Seminggu lamanya, Bonita terlihat menghindari Kun dengan sengaja. Jika berpapasan di koridor menuju restroom, Bonita akan langsung berbalik dan menempelkan bagian depan tubuhnya ke dinding, berharap bisa tertelan untuk kemudian muncul di tempat lain. Ketika tengah melayani tamu dan kebetulan tamu itu adalah Kun yang sengaja duduk di kursi pengunjung, Bonita akan mencatat pesanan sesuai prosedur pekerjaannya dan meminta rekan kerja yang lain untuk mengantarkan pesanan tersebut.
Kun keki, tentu saja, apalagi tatkala Bonita selalu pulang terburu-buru bahkan dengan masih memakai seragam dan tak berpamitan kepada siapapun yang membuat semua orang bertanya-tanya soal kebiasaan barunya itu. Alhasil, di hari pertama minggu berikutnya, Kun lagi-lagi mencegatnya dan memaksa Bonita masuk ke dalam mobilnya.
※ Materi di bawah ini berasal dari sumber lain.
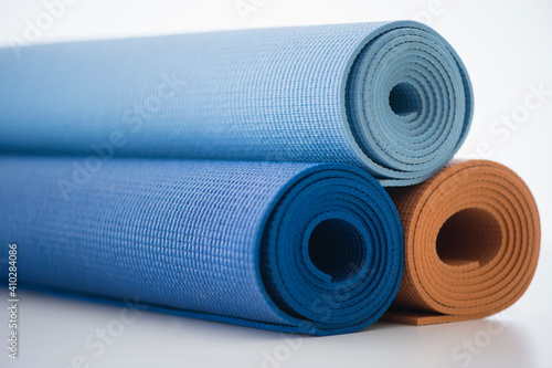 Studio Shot of rolled up exercise mats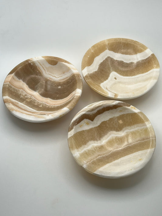 Hold + charge your favorite crystals and stones in these beautiful Calcite bowls! Known as a stone of cleansing and renewal, Calcite is believed to clear stagnant energy, dissolve emotional blockages, and amplify positive vibrations. Each bowl radiates soothing, high-frequency energy that encourages mental clarity, spiritual growth, and emotional balance.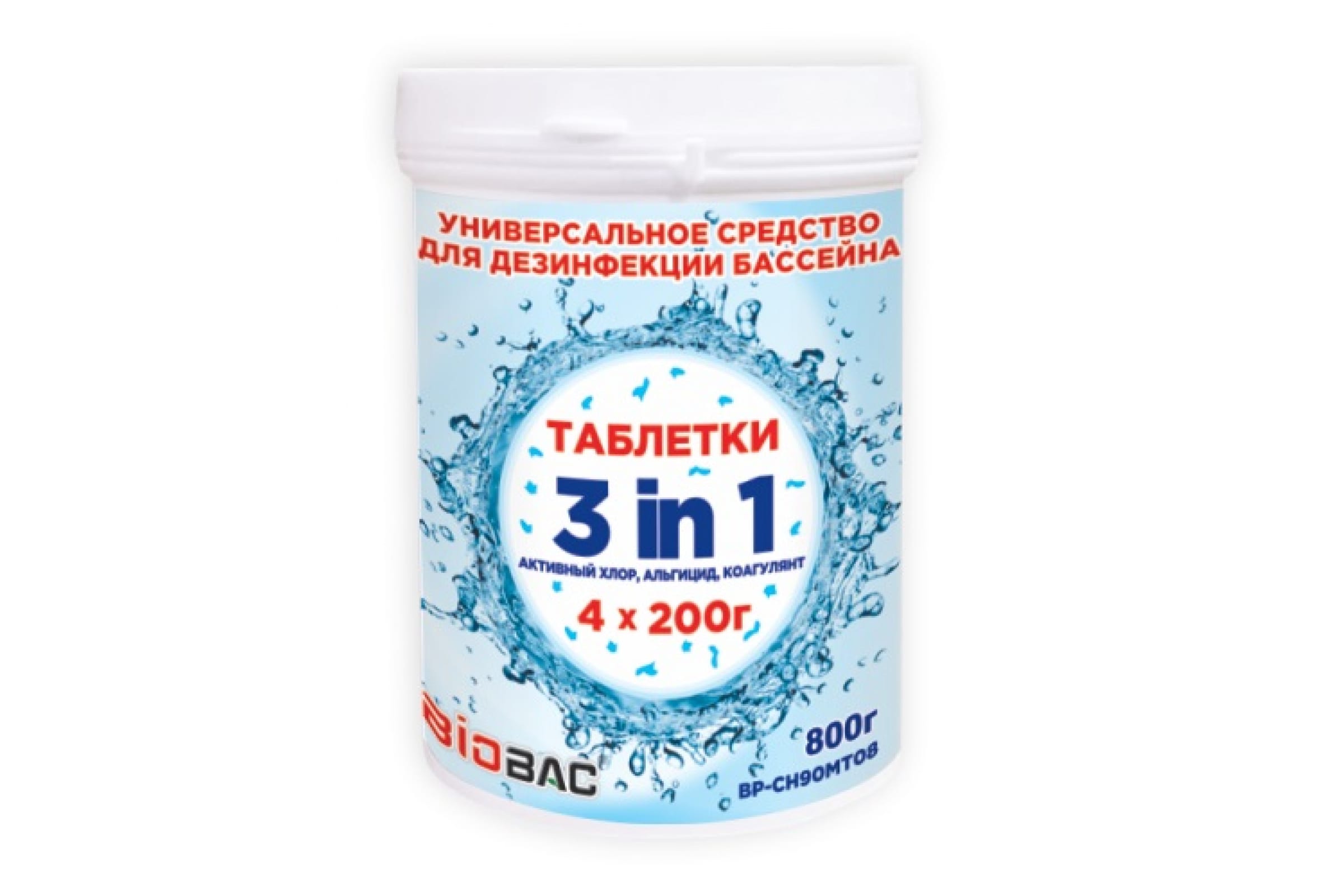 Универсал 3 в 1 хлор, альгицид, коагулянт БиоБак таблетки 200 гр. BP-MT800 используется для дезинфекции воды.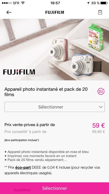 Bonjour les filles, Sur vente privée, vente de Polaroïd fujifilm a 59 euros ! Je viens de commander le bleu avec 3 packs de 20 photos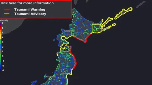 También se activó la alerta de tsunami de hasta un metro para las prefecturas de Miyagi y Fukushima, así como para las costas del sur de Hokkaido, y una alerta menor por posibles cambios en el nivel de la marea en la totalidad de las costas del Pacífico del territorio, donde las autoridades instaron a alejarse de la costa.
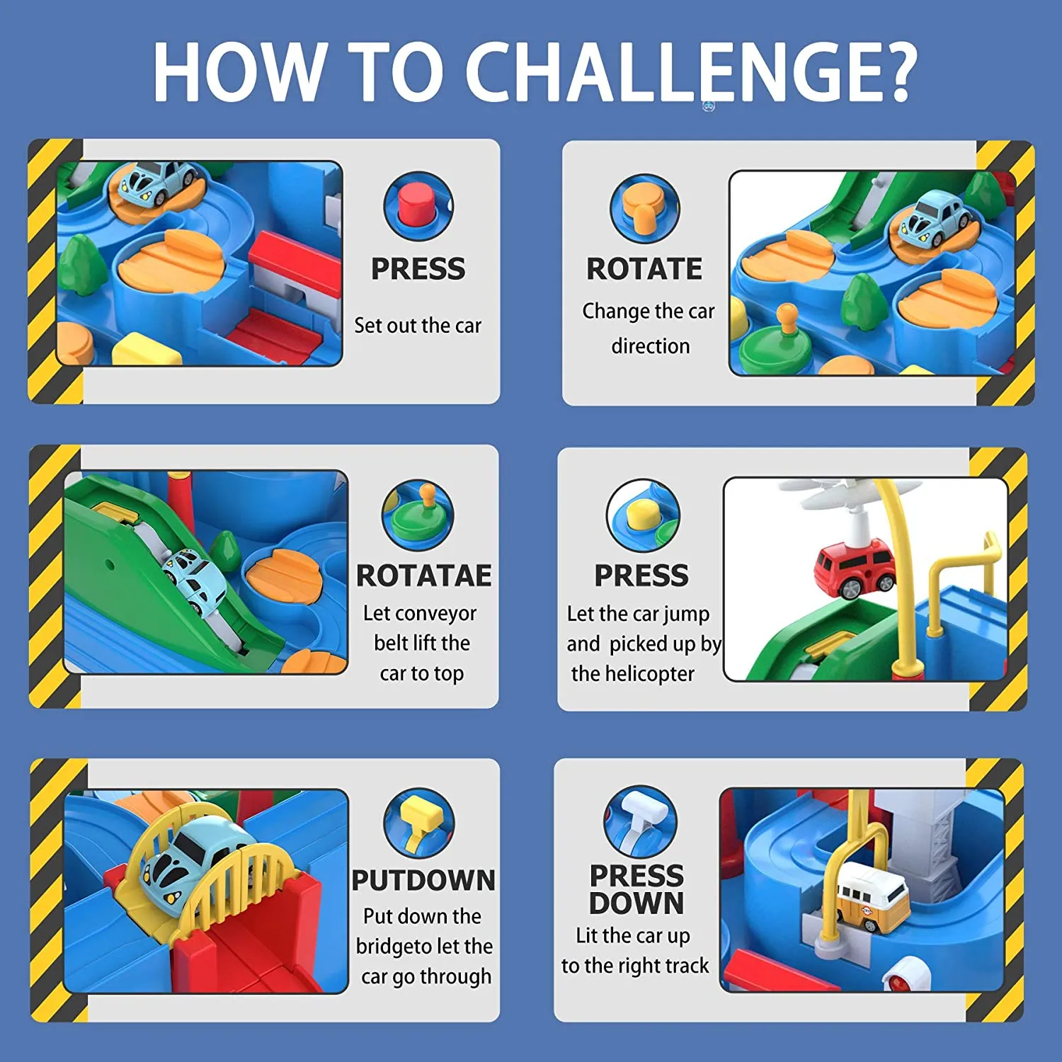 Car Adventure Toy, Race Tracks For Boys Car Adventure Toys for 3+ Year Old Boys Girls, City Rescue Preschool Educational Toy Vehicle Puzzle Car Track Playsets for Toddlers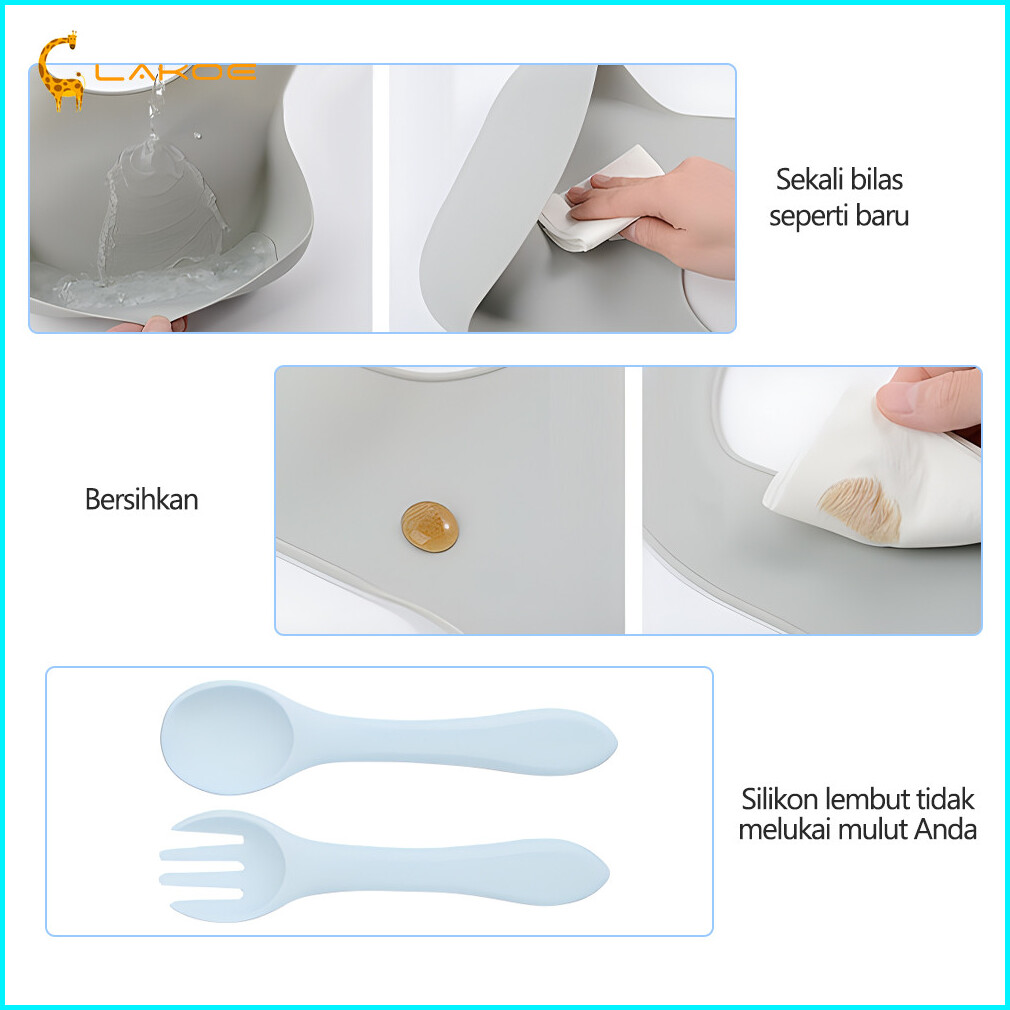 Lakoeofficialmall 5pcs Free Box Peralatan Makan Bayi Set Celemek Makan Bayi Mangkok Sendok Anak Training Cup Bayi Silico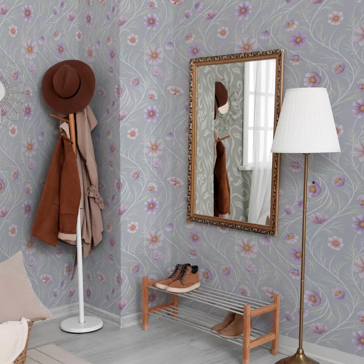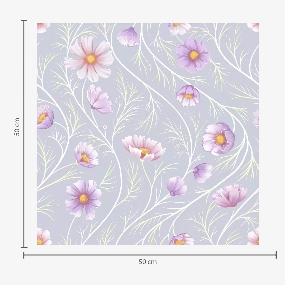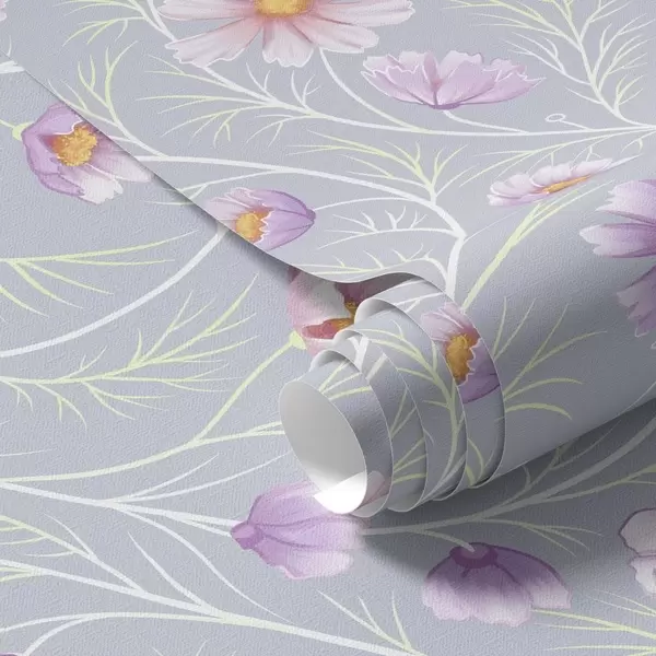 Tapetti Vaaleanpunaiset kosmoskukat ja hoikka varret harmaalla taustalla Nr. a00791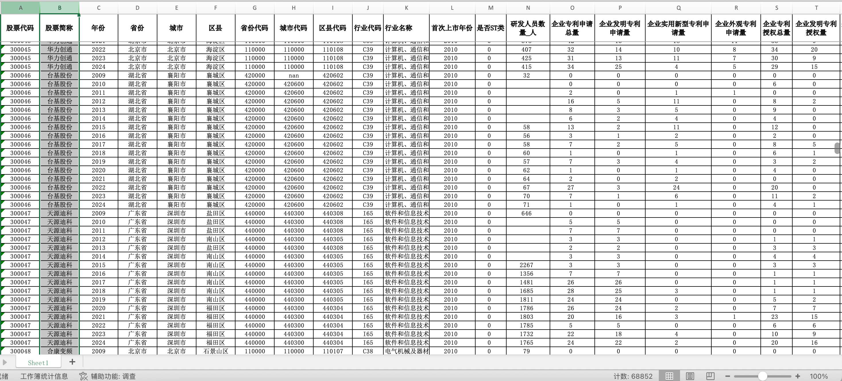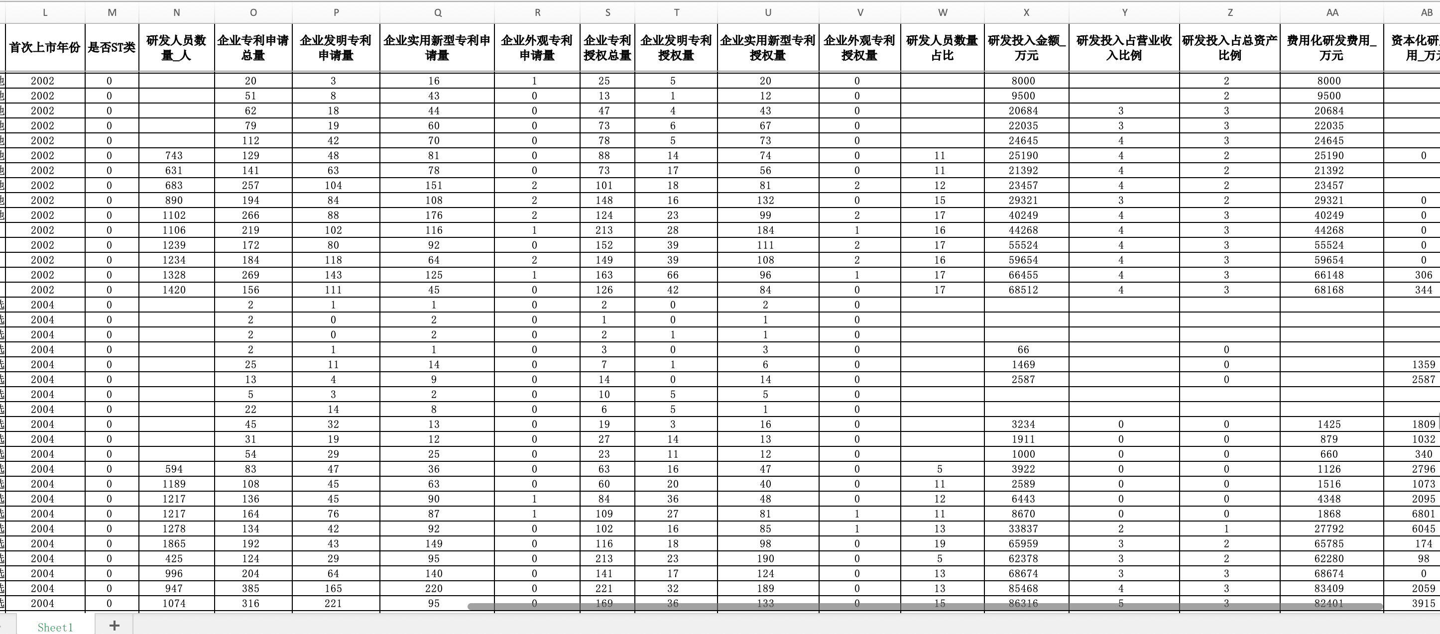 数据说明:系统整合上市公司年度研发投入信息与专利申请、授权数据,涵盖费用化与资本化研发支出、研发人员配置以及多类型专利产出指标,用于刻画企业创新“投入—产出—结构”特征。
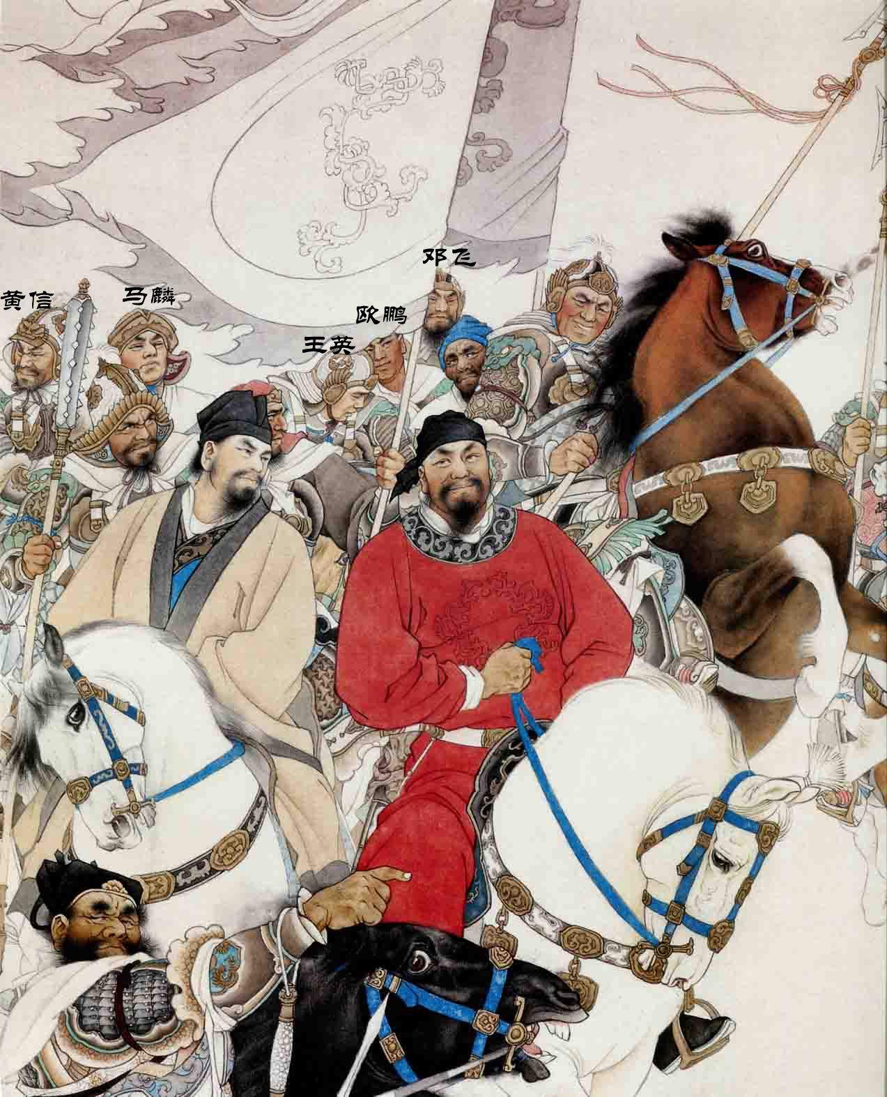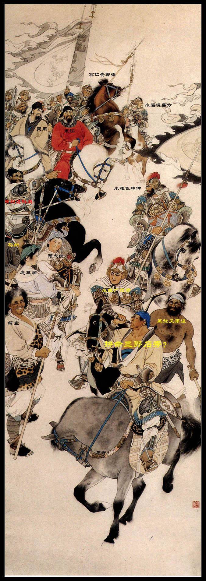 最前面右方4位是攻打祝家庄有大戏份的,最前面吹号的是石秀,因为是他探的庄,引的路。然后花荣射灯、李逵杀了祝龙祝彪、林冲擒了扈三娘。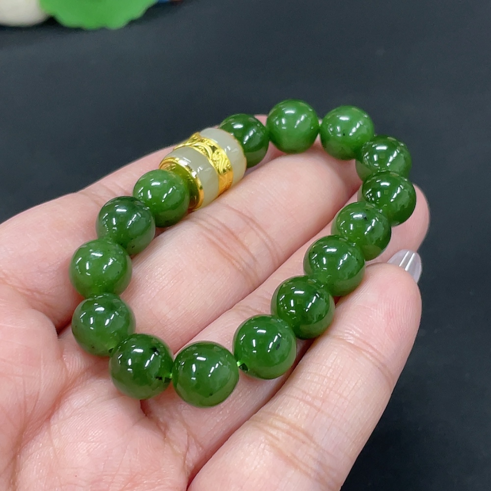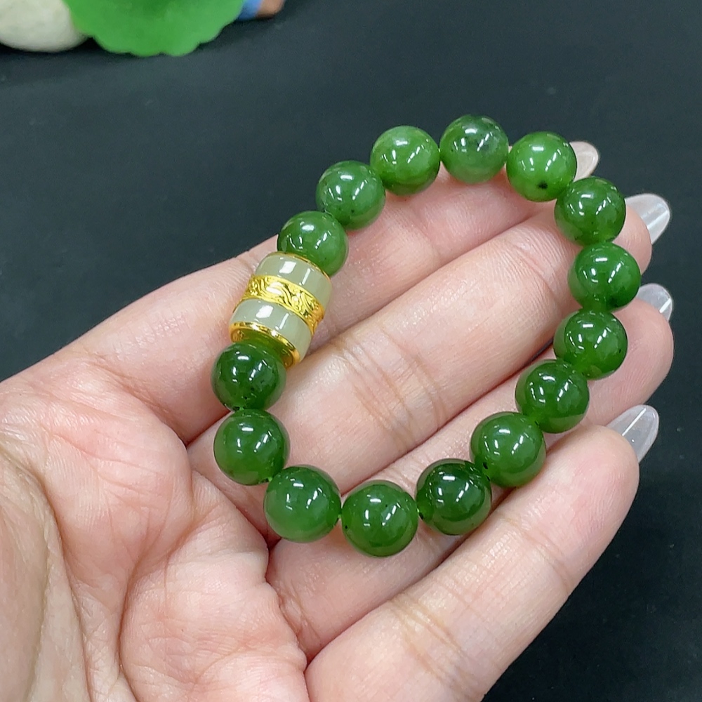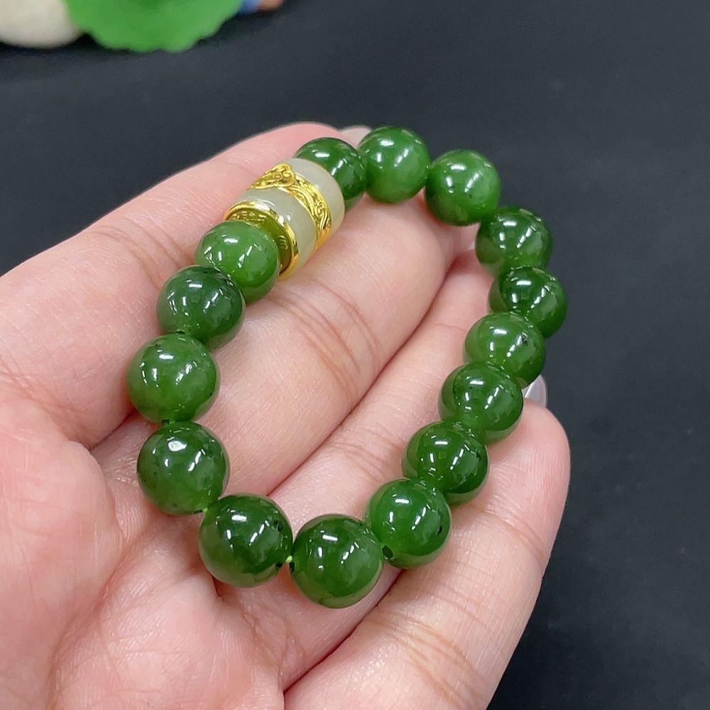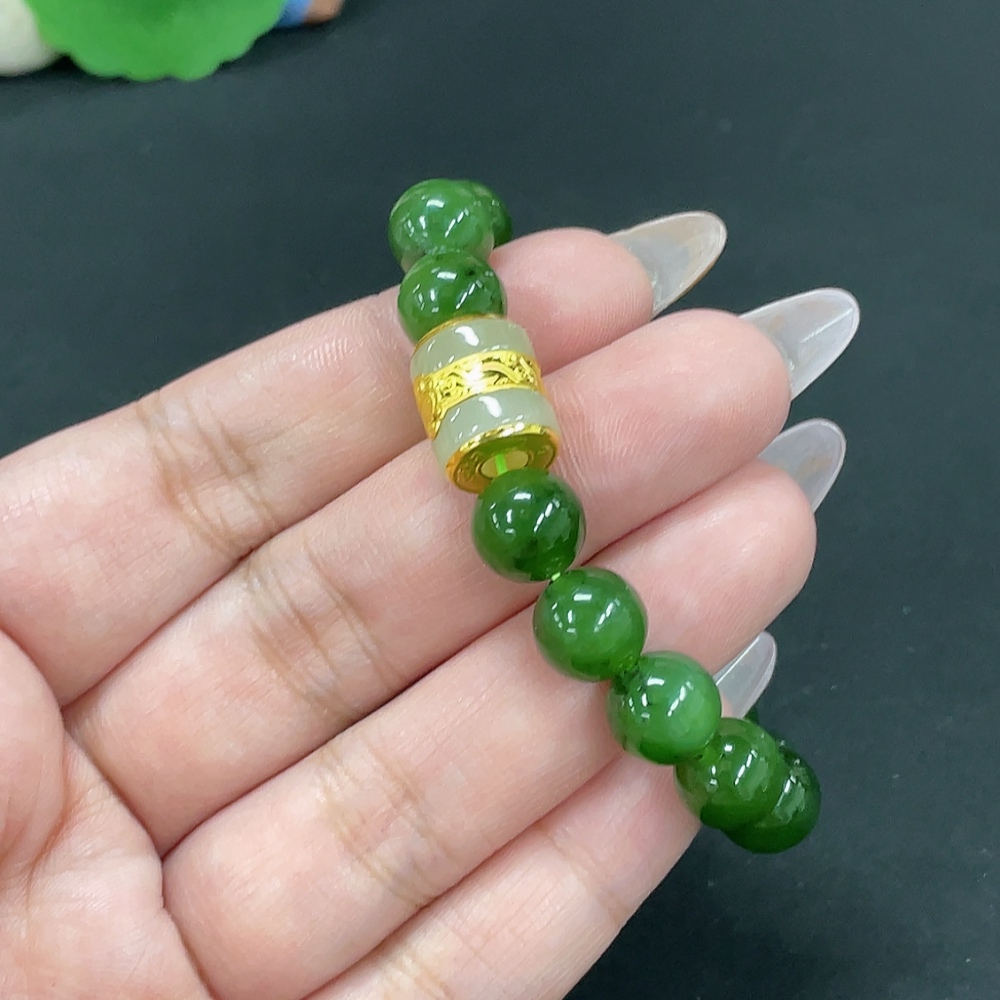Hetian Jade Jasper Bracelet, approx. 9.2mm, no hallmark, gold content tested 89%, total weight approx. 22.4g

“Ini penculikan!” bentak Bonita. Ia ingin turun, tapi mobil Kun tengah menyalip mobil di depannya. Ia memang membenci perbuatan Kun, tapi ia masih waras.
“Bukan, aku mengantarmu pulang,” jawab Kun tenang.
“Ini bukan arah rumahku!”
“I know. Kita jalan-jalan dulu.”
Walhasil, lima belas menit pertama mereka hanya putar-putar tak tentu arah. Kun masih diam di kursi pengemudi, Bonita yang duduk di sebelahnya menggigit-gigit kuku jarinya dengan harapan bisa mendapatkan sedikit ketenangan.
“Menghindariku dengan pura-pura tak melihat kehadiranku, bukan cara yang elegan, Boni. Kau malah terlihat sangat bodoh.” Kun memulai percakapan setelah keheningan panjang. Ia akan mengambil kendali ata situasi yang melanda mereka. “Baiknya kita selesaikan saja, karena aku benci menunggu.”
“Aku tidak punya alasan. Aku hanya tak ingin menjadi kekasihmu.”
“Bullshit. Kau harus punya alasannya.”
Boni menarik napas panjang. Rasanya belum pernah ia sekalut ini dalam berpikir. Kun tak memberikannya waktu untuk memutuskannya, lelaki itu terus mendesalknya hingga ke tepian jurang. Jika ia berkata “tidak” satu kali lagi, ia akan dipastikan tewas menggenaskan di dasar yang gelap. Umpamanya seperti itu saja, karena lelaki seamburadul Kun pasti punya banyak sisi hitam dalam dirinya, jadi lebih baik ia berterus terang saja, karena jika tak dilakukannya, mereka bisa seperti dua rel yang tak akan pernah bertemu ujungnya.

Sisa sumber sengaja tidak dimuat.